(TASK DIRECTIONS): Write out, word for word, every line in the data below from the one containing "第3紀層砂岩を波と風がえぐっ" to the one containing "Dually Go Kart", both of them included.

(INPUT):
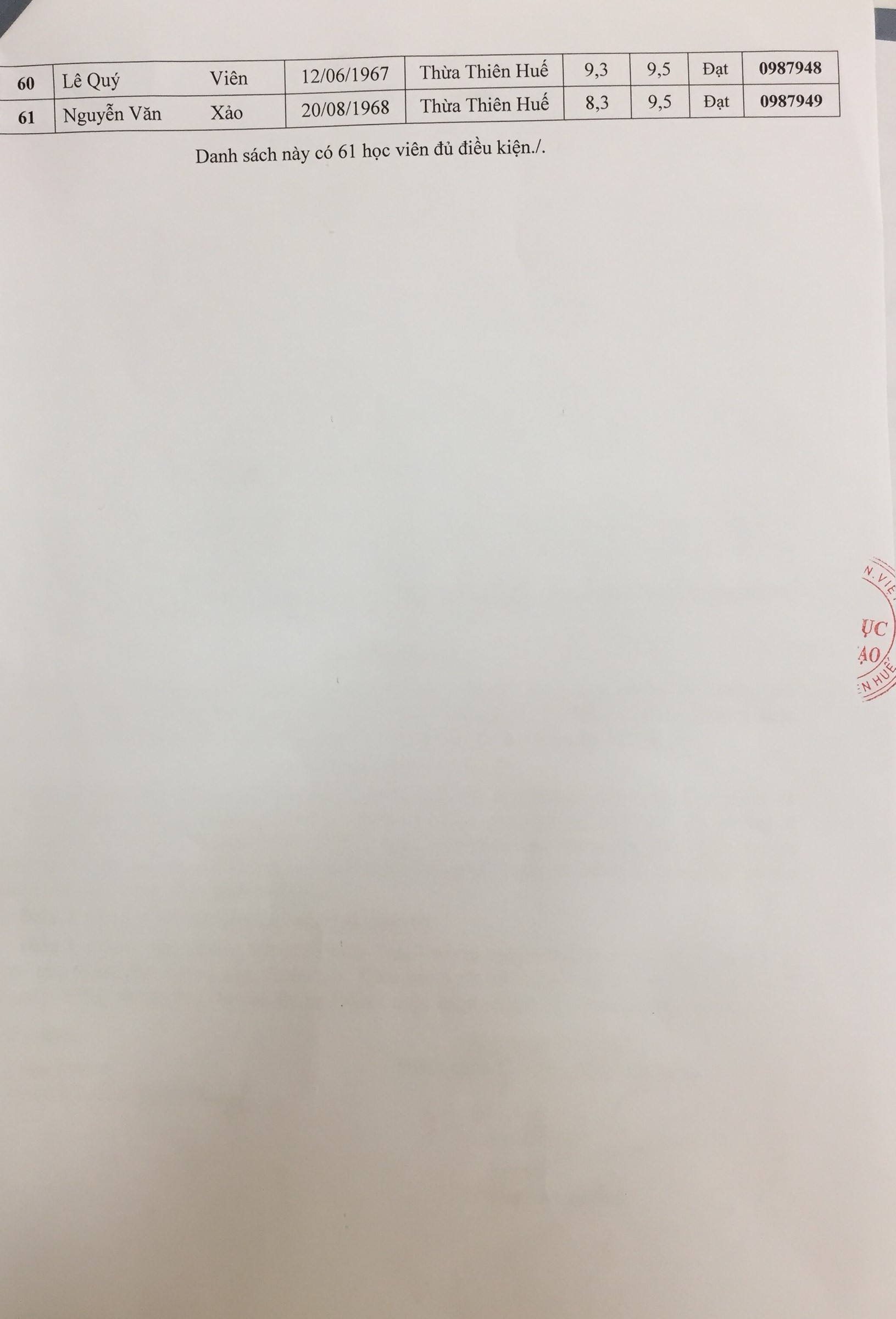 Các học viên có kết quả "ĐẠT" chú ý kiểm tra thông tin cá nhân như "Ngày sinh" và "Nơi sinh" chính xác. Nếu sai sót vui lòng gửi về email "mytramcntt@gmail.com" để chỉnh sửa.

---

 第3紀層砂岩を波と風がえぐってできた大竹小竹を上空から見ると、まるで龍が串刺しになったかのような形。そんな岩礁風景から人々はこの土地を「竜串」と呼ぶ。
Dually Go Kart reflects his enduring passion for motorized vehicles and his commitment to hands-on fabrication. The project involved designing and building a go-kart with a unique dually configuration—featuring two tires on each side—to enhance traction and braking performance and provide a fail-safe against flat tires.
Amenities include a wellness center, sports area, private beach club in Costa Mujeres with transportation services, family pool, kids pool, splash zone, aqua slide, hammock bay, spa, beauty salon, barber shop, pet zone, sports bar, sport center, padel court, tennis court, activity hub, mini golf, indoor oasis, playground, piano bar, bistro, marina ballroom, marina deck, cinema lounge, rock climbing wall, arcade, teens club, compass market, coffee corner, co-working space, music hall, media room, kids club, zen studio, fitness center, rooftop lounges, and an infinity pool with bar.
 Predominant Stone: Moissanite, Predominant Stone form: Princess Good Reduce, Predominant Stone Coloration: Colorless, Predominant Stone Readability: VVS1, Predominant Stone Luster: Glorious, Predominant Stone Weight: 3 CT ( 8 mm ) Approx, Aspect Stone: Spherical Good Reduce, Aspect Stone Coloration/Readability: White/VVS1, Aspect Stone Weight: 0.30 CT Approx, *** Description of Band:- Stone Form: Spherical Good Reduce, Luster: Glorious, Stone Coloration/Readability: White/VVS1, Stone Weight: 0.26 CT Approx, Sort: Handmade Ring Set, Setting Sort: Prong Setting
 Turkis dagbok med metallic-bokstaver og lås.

(RESULT OF THE TASK):
 第3紀層砂岩を波と風がえぐってできた大竹小竹を上空から見ると、まるで龍が串刺しになったかのような形。そんな岩礁風景から人々はこの土地を「竜串」と呼ぶ。
Dually Go Kart reflects his enduring passion for motorized vehicles and his commitment to hands-on fabrication. The project involved designing and building a go-kart with a unique dually configuration—featuring two tires on each side—to enhance traction and braking performance and provide a fail-safe against flat tires.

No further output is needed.